2. Design and language

(a) There should be evidence of a “structured” design method. Examples include:
Logic diagrams
Data dictionary
Data flow diagrams
Truth tables Subject to this, the requirement will be met
(b) There should be a company-specific, or better still, project-specific coding/design standard which addresses, for example:
Use of a suitable language
Compiler requirements
Hygienic use of the language set
Use of templates (i.e., field proven) modules
No dynamic objects
No dynamic variables or online checking thereof
Limited interrupts, pointers, and recursion
No unconditional jumps
Fully defined module interfaces. Subject to this, the requirement will be met.
(c) Ascertain if the compiler/translator is certified or internally validated by long use. Subject to this, the requirement will be met.
(d) Demonstrate a modular approach to the structure of the code and rules for modules (i.e., single entry/exit). Subject to this, the requirement will be met.

3. Fault tolerance

(a) Assuming Type B components, and a nonredundant configuration, at least 90% safe failure fraction is required for SIL 2. It will be necessary to establish that 90% of PLC failures are either detected by the watchdog or result in failures not invoking the failure mode addressed in this study. Subject to a review, the requirement will be met.
(b) Desirable features (not necessarily essential) would be, error detection/correction codes and failure assertion programming. Subject to this, the requirement will be met.
(c) Demonstrate graceful degradation in the design philosophy. Subject to this, the requirement will be met.

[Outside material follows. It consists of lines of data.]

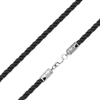 Текстильный шнурок с серебряным замком с чернением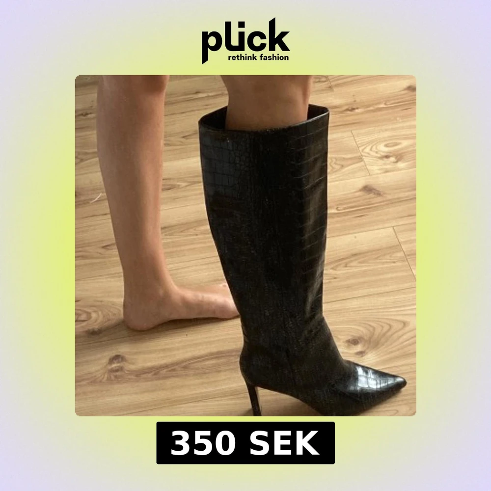 Säljer ett par svarta höga boots med spetsig tå och hög klack. Skorna har ett snyggt krokopräglat mönster och är tillverkade i glansigt syntetmaterial som ger en lyxig känsla. Perfekta för att lyfta vilken outfit som helst.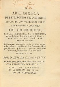 .1789.. LIBRO: .(CONTABILIDAD).. .LUQUE Y LEIVA, LUIS DE:. .ARITHMETICA DE ESCRITORIO DE COMERCIO, EN QUE SE COMPREHENDEN TODOS LOS CAMBIOS Y ANEAGES DE LA EUROPA. REGLAS DEL PALMEO, DE PROPORCION, DE QUEBRÁDOS, DE NÙMEROS DENOMINÁDOS, Y TODA...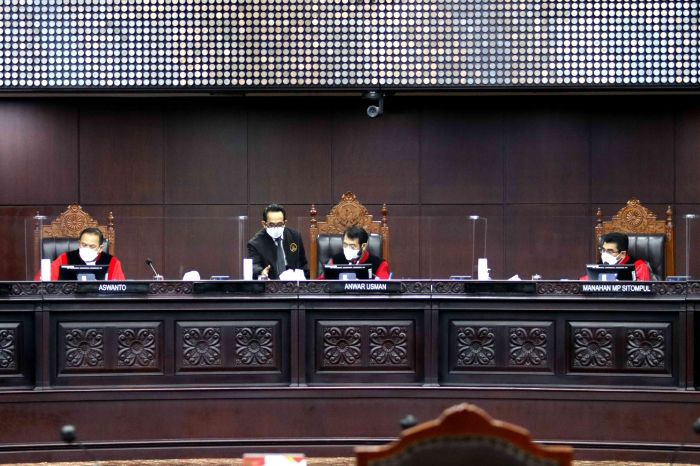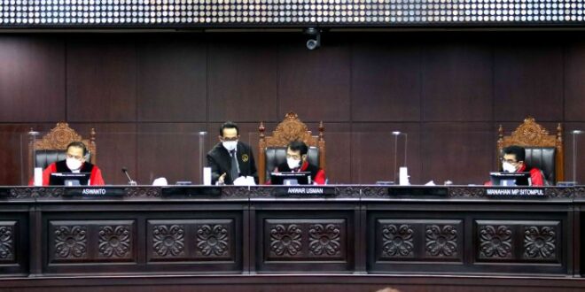“Amar putusan mengadili, menyatakan menolak permohonan para Pemohon untuk seluruhnya,” kata Ketua Pleno Anwar Usman didampingi para hakim konstitusi lainnya dalam sidang pengucapan putusan pada Selasa (25/1/2022).

4. Documentation and change control

(a) A description is needed here to cover: Rigour of configuration control (i.e., document master index, change control register, change notes, change procedure, requirements matrix (customer spec/FDS/FAT mapping)). Subject to this, the requirement will be met.
(b) The change/modification process should be fairly rigorous, key words are:
Impact analysis of each change
Re-verification of changed and affected modules (the full test not just the perceived change) Subject to this, the requirement will be met
Re-verification of the whole system for each change
Data recording during these re-tests
Subject to this, the requirement will be met.

5. Design review

(a) Formal design review procedure. Evidence that design reviews are:
Specifically planned in a Quality Plan document
Which items in the design cycle are to be reviewed (i.e., FDS, acceptance test results, etc.)
Described in terms of who is participating, what is being reviewed, what documents, etc.
Followed by remedial action
Specifically addressing the above failure mode
Code review see (b) Subject to this, the requirement will be met.
(b) Code: Specific code review at pseudo code or ladder or language level which addresses the above failure mode. Subject to this, the requirement will be met.
(c) There needs to be justification that the language is not suitable for static analysis and that the code walkthrough is sufficiently rigorous for a simple PLC language set in that it is a form of “low-level static analysis.” Subject to this, the requirement will be met.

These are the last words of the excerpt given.